Another engineering failure can be seen in the disaster of the Steamboat Sultana. The Sultana was a passage steamboat on the Mississippi River. The boat was constructed and engineered to carry 376 passengers, at capacity. During the disaster, the boat was recorded at holding over 2,100 passengers. Essentially, the top heaviness of the boat caused over active side to side swaying, which may not seem like a big deal but in the engine room, the swaying was splashing out the much-needed water in the boilers. In the end, the lack of water compared to fire was not balanced. The boat was being pushed passed limits due to heavy weight and caused the boilers to explode. A couple things should have been done in this situation, the engineers or workers in the engine room should have noticed the low levels of water in the broilers and attempt to justify the situation. But, in the end, there should never have been over 5 times the capacity of passengers on the boat. The main take away is that for the most part, policies and procedures are in place for a reason. Engineers, captains, and crew should understand and know the functions of the vessel and follow said policies to prevent disasters like this.
Two cases involving Dam failures were discussed, The St. Francis Dam in California and the Banqiao Dam in China. The St. Francis Dam was built in mid-1920’s by an engineer named Mulholland. The Dam collapsed in March 1928 and flooded much of the surrounding areas, killing over 400 people. This could have possibly been avoided if precautions were taken when first signs of failure were cited. Cracks were observed for some time before the failure and engineers dismissed the faults. It is hard to say exact cause of the failure, but one take away from this failure is that “better to be safe than sorry.” It the engineers had taken action when fault cracks were first observed, the dam could have possibly been saved. On the other hand, the main cause for the fail of the Banqiao Dam was due to environmental factors. During the time of the overflow/failure, the rain accumulated over 41 inches which was unavoidable. The main take away from this is that engineers must understand that the weather and climate play a huge role in an engineering design.
Another failure that was somewhat unavoidable was the Hindenburg disaster. The Hindenburg was a German blimp that caught fire in 1937. This event was first thought to be a sabotage from a passenger, but that hypothesis was later dismissed. Another hypothesis is static spark causing the fire which would have been almost unavoidable by any engineering point of view. Not all “engineering disasters” are caused by human error or environmental factors, some are just merely happenstance and unavoidable.
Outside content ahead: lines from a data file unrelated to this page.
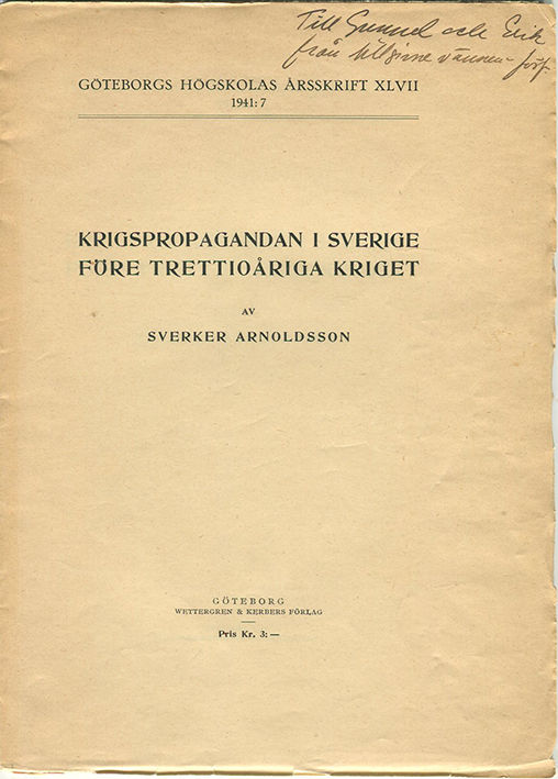 Göteborg, 1941. 36 s. Häftad i tryckt omslag. Liten fläck på bakre omslag. Dedikation till Gunnel och Erik på främre omslaget.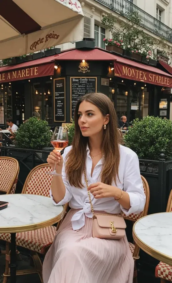This outfit radiates French elegance with a touch of casual sophistication. The model wears a crisp white button-down shirt, casually knotted at the waist, paired with a soft pleated blush pink skirt. The neutral tones of the skirt complement the fresh white blouse, creating a timeless, feminine look. Accessorized with a pink YSL handbag and gold jewelry, she enjoys a glass of rosé at a charming Parisian café, capturing the essence of effortless style.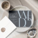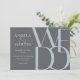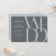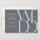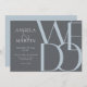 Den enkla men djärva 7 x 5-tums bröllopsinbjudningen i ord, "We Do", i överdimensionerad dammig blå brev på mörkens grått-bakgrund med ljusblå och grått-redigerbar ställe-hållartext för bröllop parets första namn, datum, tid, plats, plats adress med meddelandet i grund vid, "mottagning att följa".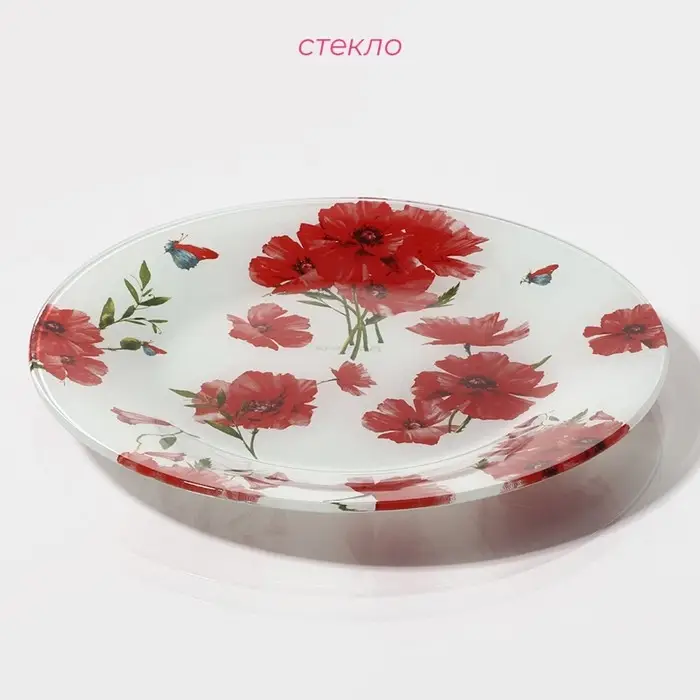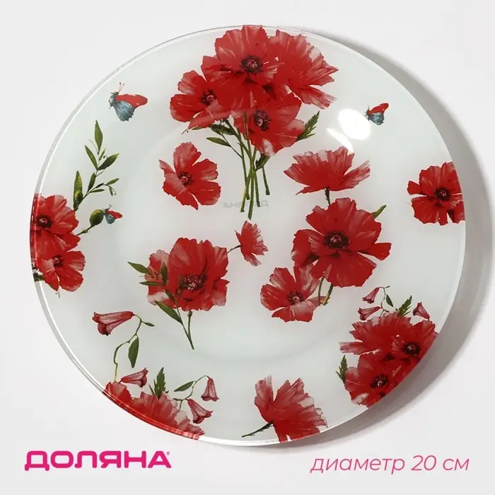 Тарелка стеклянная десертная Доляна «Красные маки», d=20 см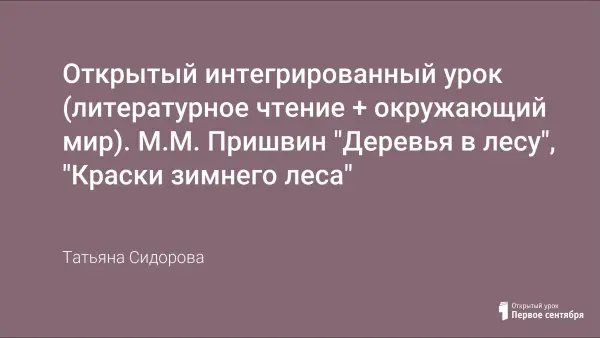 На уроке дети знакомятся с произведением М.М. Пришвина «Деревья в лесу», наблюдают за зимним убранством леса, жизнью зверей зимой и по материалам урока составляют рассказ – мини-сочинение «Краски зимнего леса».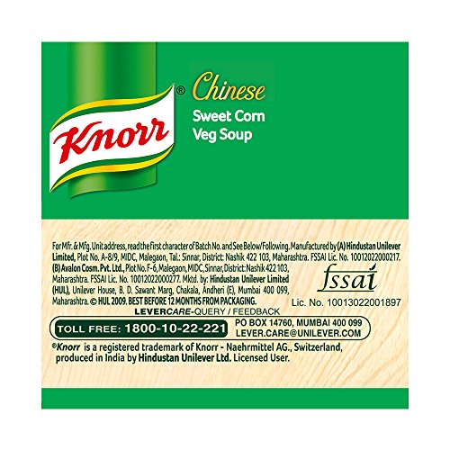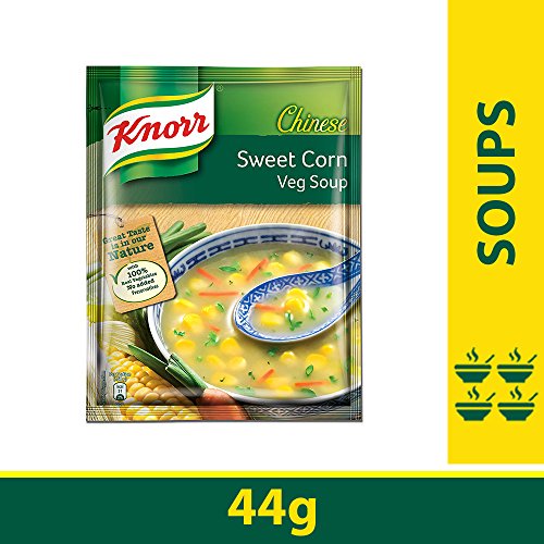 Knorr has hand-picked the best quality vegetables and mixed it with spices to make delicious Knorr Sweet Corn Vegetable Soup. A perfect blend of corn carrots cabbage gives it its lip-smacking taste and perfect consistency and is a perfect way to get your children to eat their vegetables. Made with 100% real vegetables and no added preservatives this soup is ready in three simple steps. So now enjoy Restaurant like delicious Soup at home.Knorr Soups range comprises of 11 delicious flavours of 4 serve soups and 7 flavours of Cup-a-soup. Great taste is in our Nature! Knorr has gone to great lengths to ensure a perfect blend of ingredients and consistency that give you Restaurant like Soup at home.About Knorr:Just like you we love everything about food because no delicious meal is cooked without love. Love for carefully selected ingredients flavours and spices or the aroma of dinner wafting through your home. Love for the people you feed everyday; your family and friends relatives and guests the people that matter to you the most. With Knorr as your cooking partner you can serve your loved ones nutritious and flavourful meals at home. Soup Fun Fact - The word 'soup' is of Sanskrit origin! It is derived from the su and po which means good nutrition.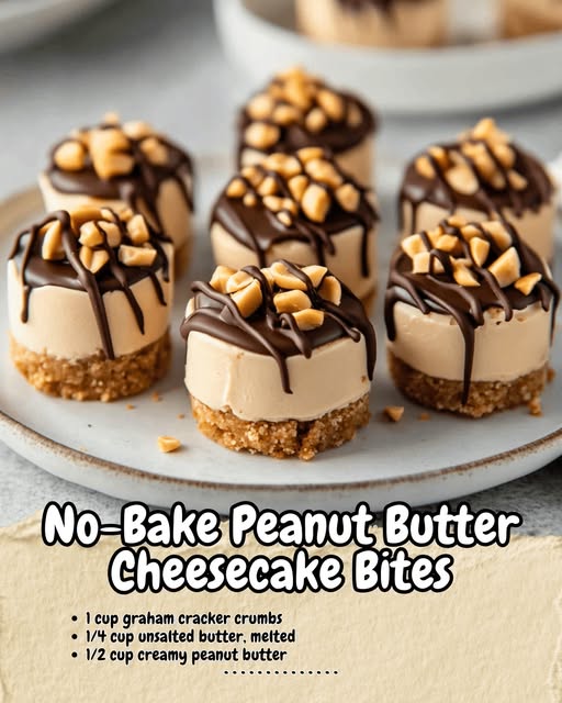 Peut être une image de dessert et texte qui dit ’No-Bake Peanut Butter Cheesecake Bites cup graham cracker crumbs 1/4 c unsalted butter metted 1/2 cp creamy peanut butter ..............’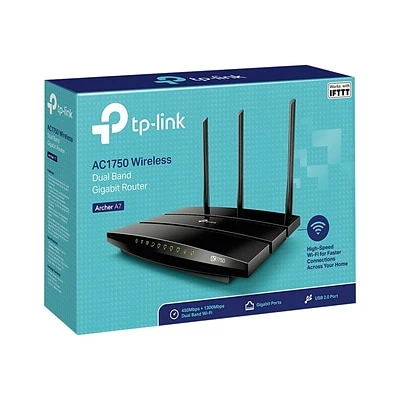 Use the TP-Link Tether mobile app, available on iOS and Android, to easily set up and manage your TP-Link Archer A7 AC1750 Wireless Dual-Band Gigabit Router. With Wi-Fi 5 (802.11ac) connectivity, the Archer A7 has dual bands, 2.4 GHz and 5 GHz. The router can reach up to 450 Mb/s on 2.4 GHz and 1300 Mb/s on 5 GHz for a total of 1750 Mb/s. For temporary visitors, you can set up a guest network with limited, timed access to ensure your personal Wi-Fi network remains safe and prevents unauthorized access.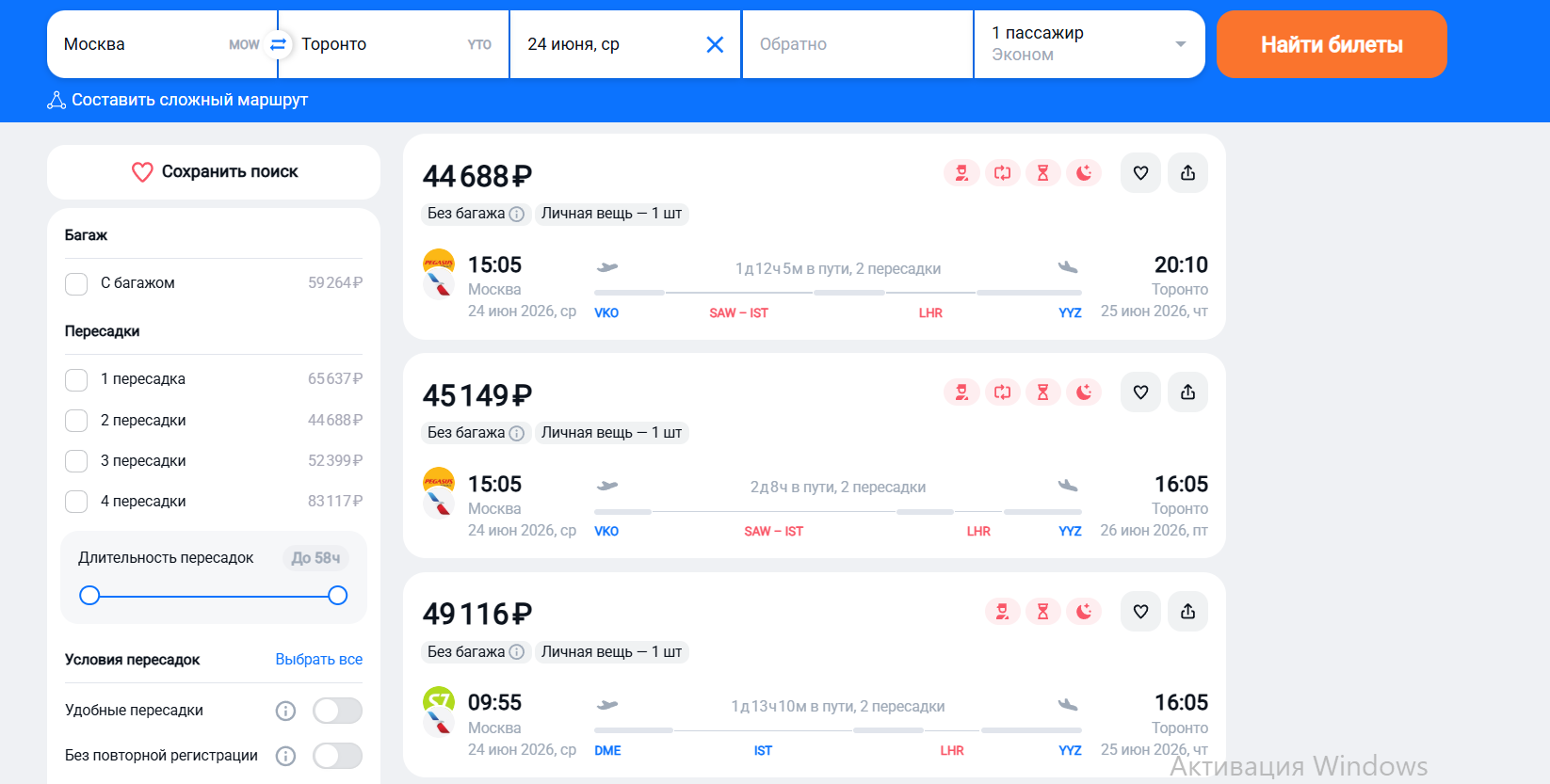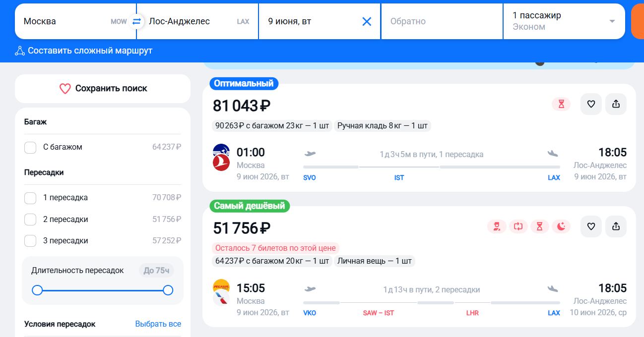 Стоимость билета на рейс из Москвы до Лос-Анджелеса в июне составит минимум 51 756 ₽ в одну сторону. До Торонто из столицы можно добраться с двумя пересадками за 45 149 ₽.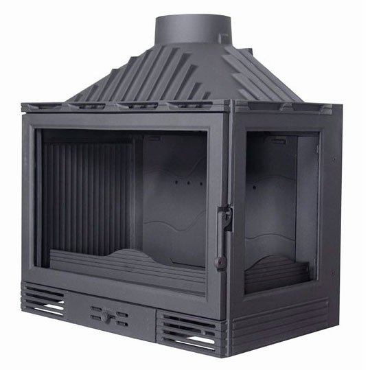 Каминная топка из чугуна. Прямой фасад. Стекло справа. Топка работает на дровах.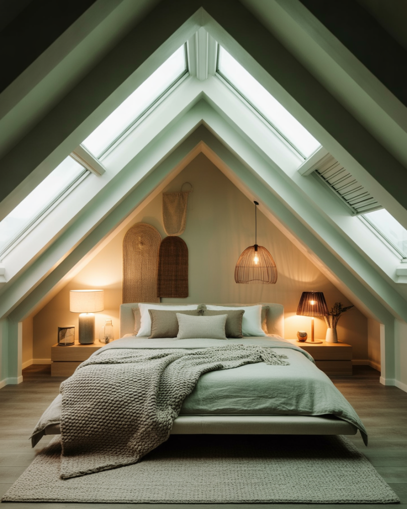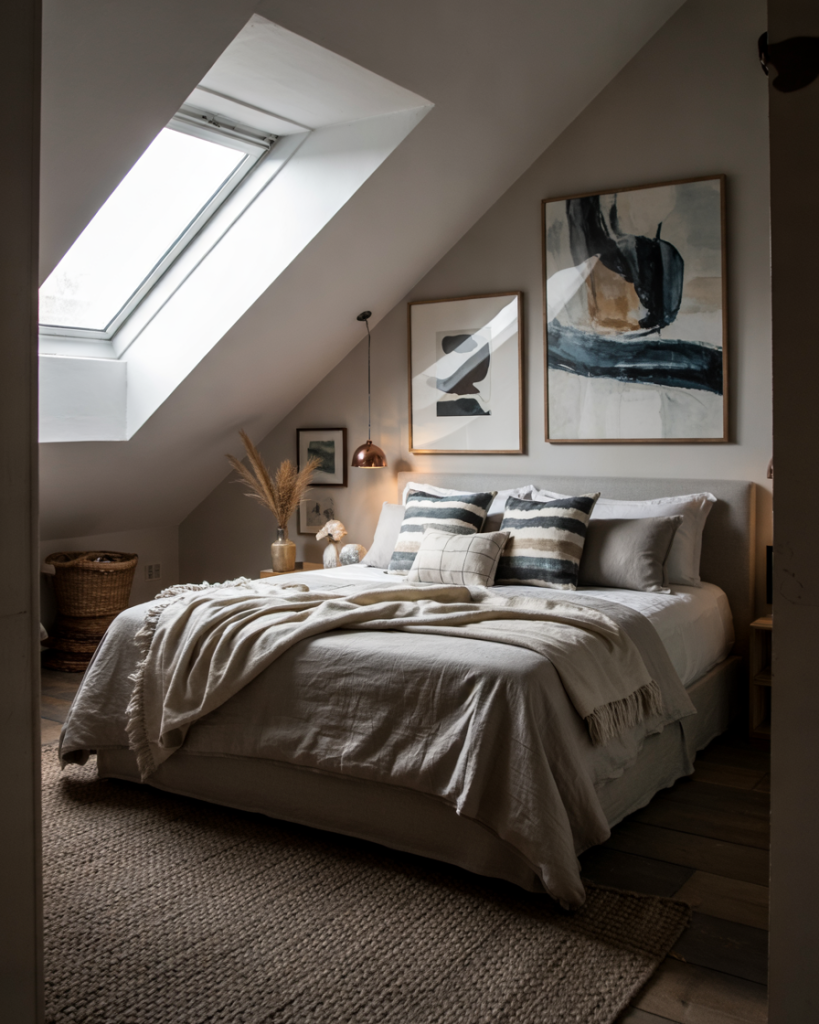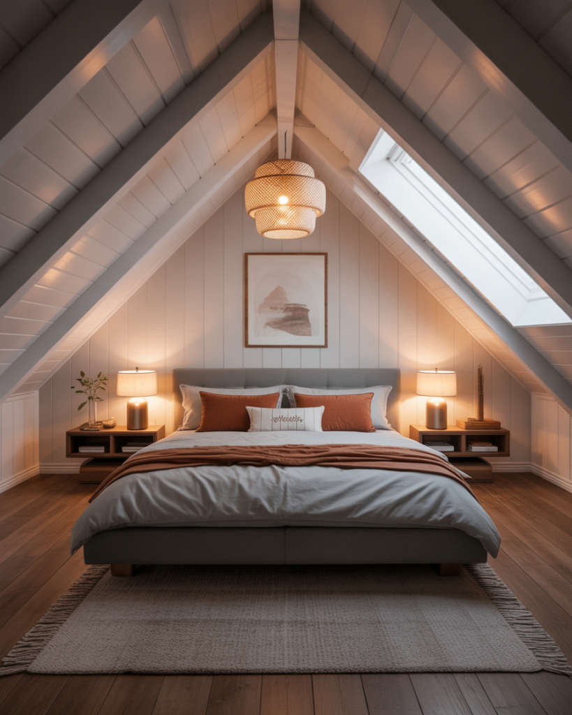 An attic bedroom feels magical when you embrace the slope instead of fighting it. Low beds, skylights, string lighting, and textured blankets turn the space into an adult treehouse. The angled ceiling gives instant character and works especially well for people who want a quiet escape from the rest of the house.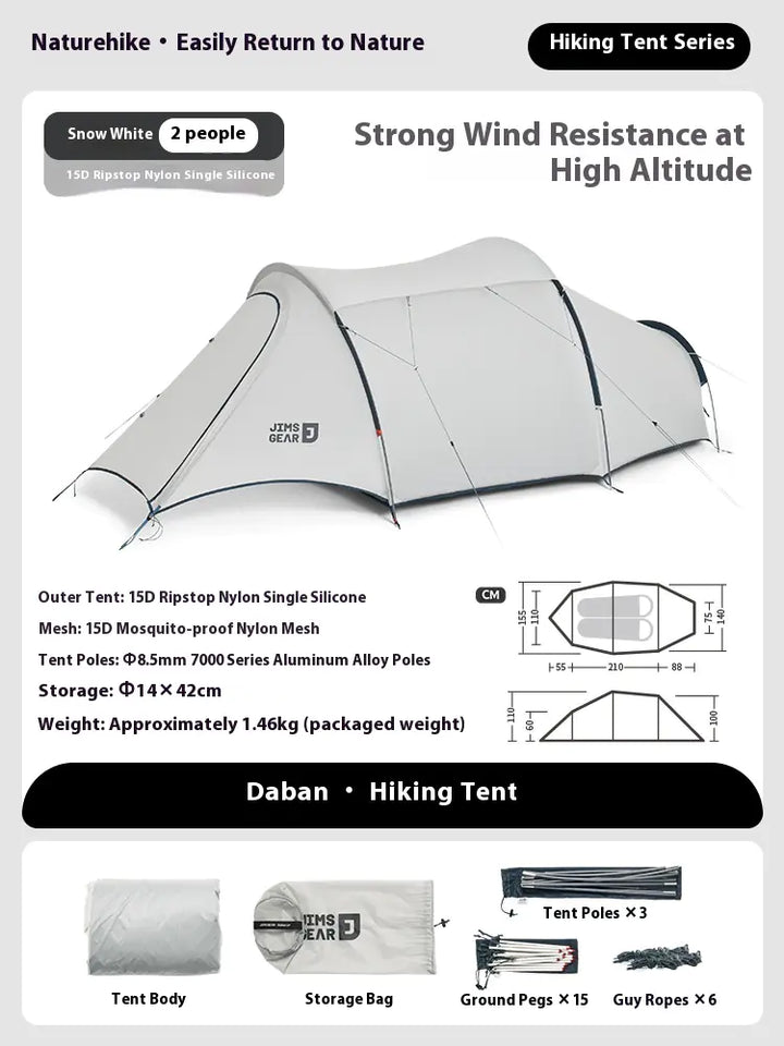 Ultralight 2-Person Tunnel Tent – Trekker’s Dual Shelter | Silicone-Coated Nylon, Aluminum Alloy Frame, Snowland White

In the end, designing, small or large, has many steps and many factors to work through. This leads to unveiling difficulties and overcoming problems during the design process. An engineer should be well rounded and take every precaution during the design process, because the impact of a failed design can cost lives. Some of these failures have proven to be avoidable by proper management calls or protocol on policy and procedure, but other aspects of these disasters are merely happenstance or environmental factors, uncontrollable by mankind.